Your instructions:
Would you repeat exactly the part of the listing below that runs from the line containing "Toilettasken har en" down to the line containing "Jin Sam Myeong", inclusive, and nothing else?
[Records — start]
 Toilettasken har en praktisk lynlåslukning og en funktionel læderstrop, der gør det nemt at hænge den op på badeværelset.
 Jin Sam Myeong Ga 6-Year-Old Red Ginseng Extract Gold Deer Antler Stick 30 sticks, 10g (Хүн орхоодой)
[Records — finish]
[Records — start]
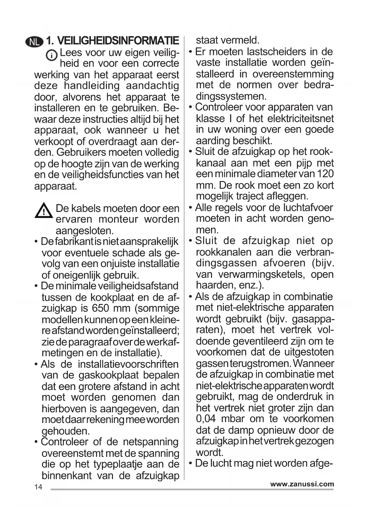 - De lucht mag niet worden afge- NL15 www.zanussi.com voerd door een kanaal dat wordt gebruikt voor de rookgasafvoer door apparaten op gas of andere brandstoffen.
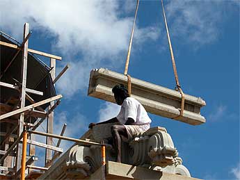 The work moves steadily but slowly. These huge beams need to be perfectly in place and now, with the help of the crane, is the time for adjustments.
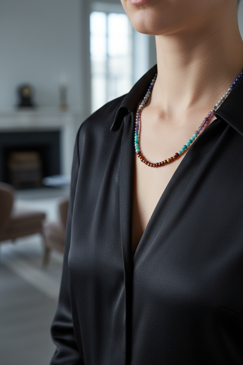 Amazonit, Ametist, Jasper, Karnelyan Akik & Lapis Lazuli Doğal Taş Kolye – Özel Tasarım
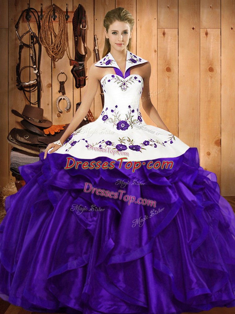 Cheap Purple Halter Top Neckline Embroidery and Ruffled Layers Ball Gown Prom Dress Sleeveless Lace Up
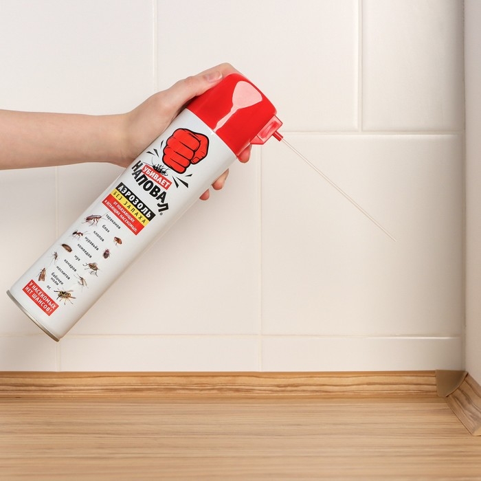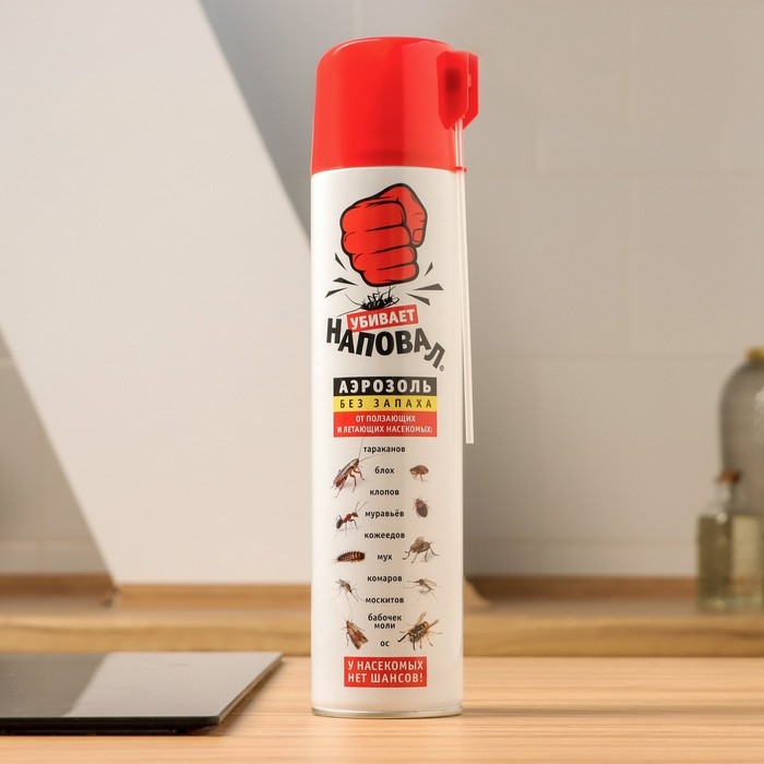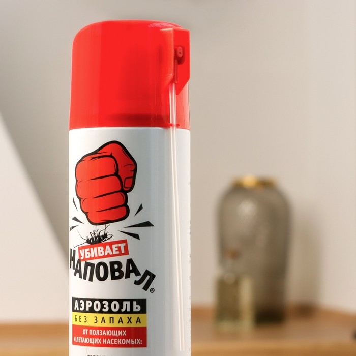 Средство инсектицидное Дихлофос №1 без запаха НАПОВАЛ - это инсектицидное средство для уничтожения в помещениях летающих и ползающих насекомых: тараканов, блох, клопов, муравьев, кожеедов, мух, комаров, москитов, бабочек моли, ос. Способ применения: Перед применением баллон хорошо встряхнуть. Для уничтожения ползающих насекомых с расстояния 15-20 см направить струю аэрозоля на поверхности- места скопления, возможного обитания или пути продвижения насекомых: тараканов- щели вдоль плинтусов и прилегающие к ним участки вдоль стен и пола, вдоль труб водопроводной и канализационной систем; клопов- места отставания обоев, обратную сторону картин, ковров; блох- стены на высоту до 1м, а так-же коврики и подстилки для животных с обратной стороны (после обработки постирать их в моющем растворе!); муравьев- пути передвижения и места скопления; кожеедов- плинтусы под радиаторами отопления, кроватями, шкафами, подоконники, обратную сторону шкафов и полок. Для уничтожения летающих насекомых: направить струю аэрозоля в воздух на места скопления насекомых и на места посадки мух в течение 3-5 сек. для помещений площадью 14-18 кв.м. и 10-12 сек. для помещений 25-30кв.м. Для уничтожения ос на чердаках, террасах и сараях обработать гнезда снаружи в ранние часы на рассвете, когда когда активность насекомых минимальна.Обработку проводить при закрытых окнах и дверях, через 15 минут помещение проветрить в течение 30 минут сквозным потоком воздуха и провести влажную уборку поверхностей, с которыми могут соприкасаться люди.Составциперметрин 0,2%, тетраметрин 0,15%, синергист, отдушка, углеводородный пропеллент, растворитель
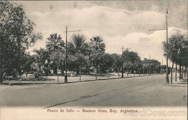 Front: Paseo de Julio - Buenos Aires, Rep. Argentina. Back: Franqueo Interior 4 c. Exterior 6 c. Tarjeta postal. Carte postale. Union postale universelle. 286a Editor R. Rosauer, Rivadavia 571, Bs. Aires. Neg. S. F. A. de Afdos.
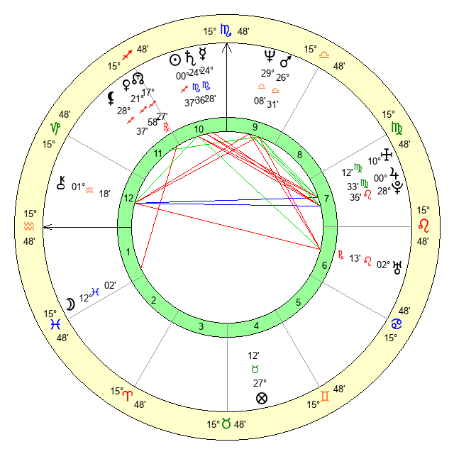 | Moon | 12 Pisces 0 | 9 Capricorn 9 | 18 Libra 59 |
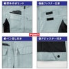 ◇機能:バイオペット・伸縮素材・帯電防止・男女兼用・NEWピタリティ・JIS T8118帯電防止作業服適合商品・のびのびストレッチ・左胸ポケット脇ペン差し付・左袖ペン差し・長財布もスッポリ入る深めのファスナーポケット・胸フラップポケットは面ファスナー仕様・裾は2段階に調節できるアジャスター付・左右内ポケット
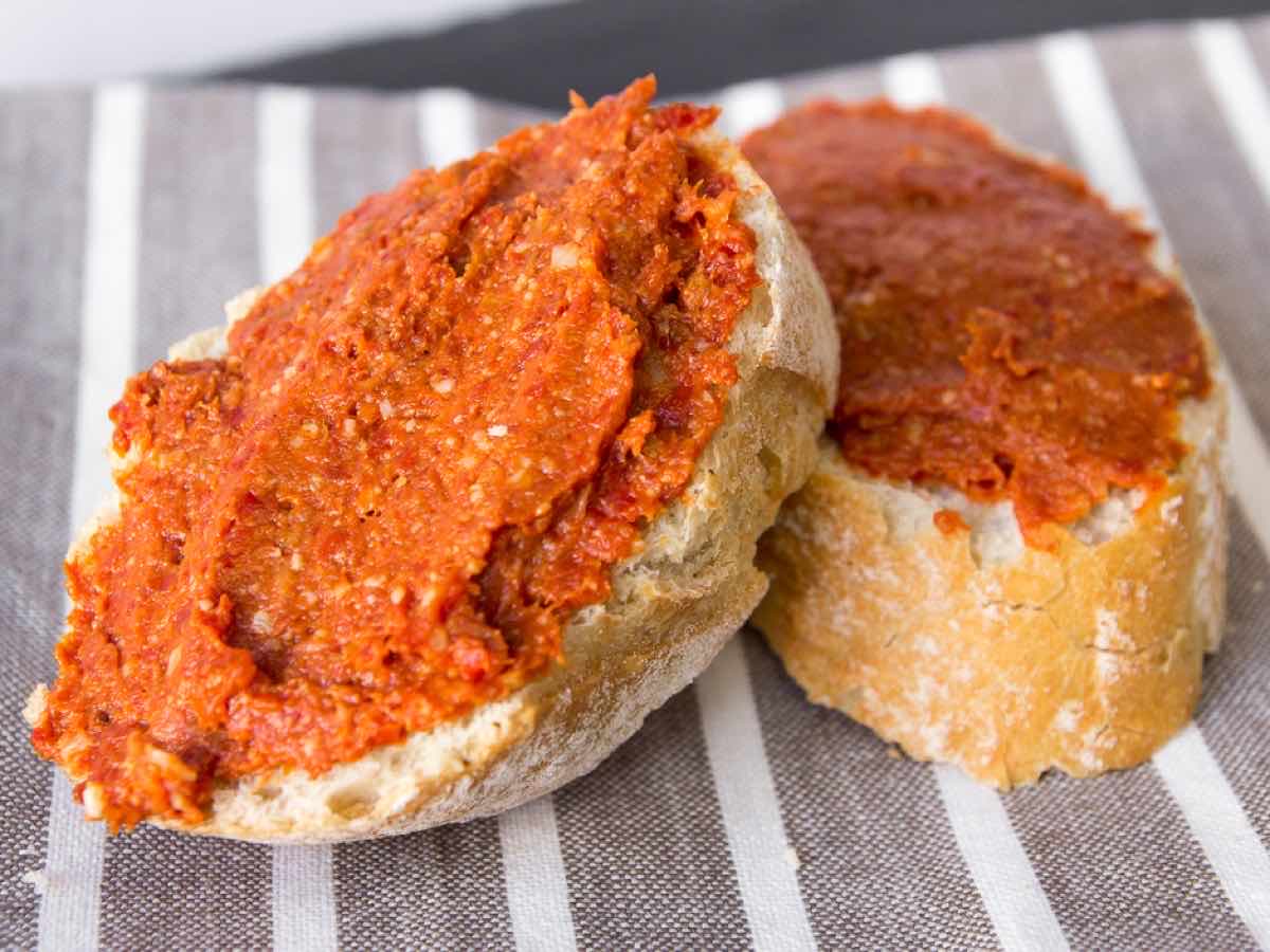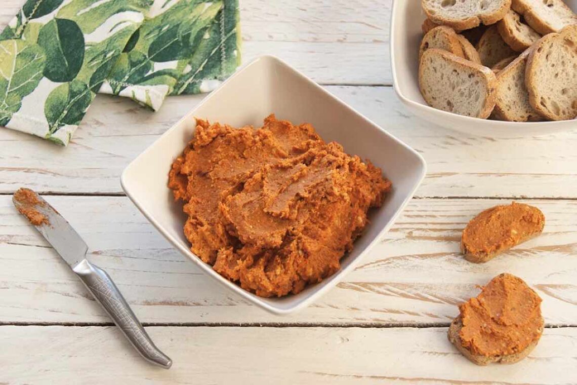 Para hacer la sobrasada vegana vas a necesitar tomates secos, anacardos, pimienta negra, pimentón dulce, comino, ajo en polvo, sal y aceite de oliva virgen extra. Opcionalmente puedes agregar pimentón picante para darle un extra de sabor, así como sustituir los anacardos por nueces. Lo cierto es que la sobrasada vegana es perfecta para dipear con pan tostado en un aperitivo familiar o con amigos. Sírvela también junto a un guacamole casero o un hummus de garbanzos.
[Records — finish]
Result of this exercise:
 Toilettasken har en praktisk lynlåslukning og en funktionel læderstrop, der gør det nemt at hænge den op på badeværelset.
 Jin Sam Myeong Ga 6-Year-Old Red Ginseng Extract Gold Deer Antler Stick 30 sticks, 10g (Хүн орхоодой)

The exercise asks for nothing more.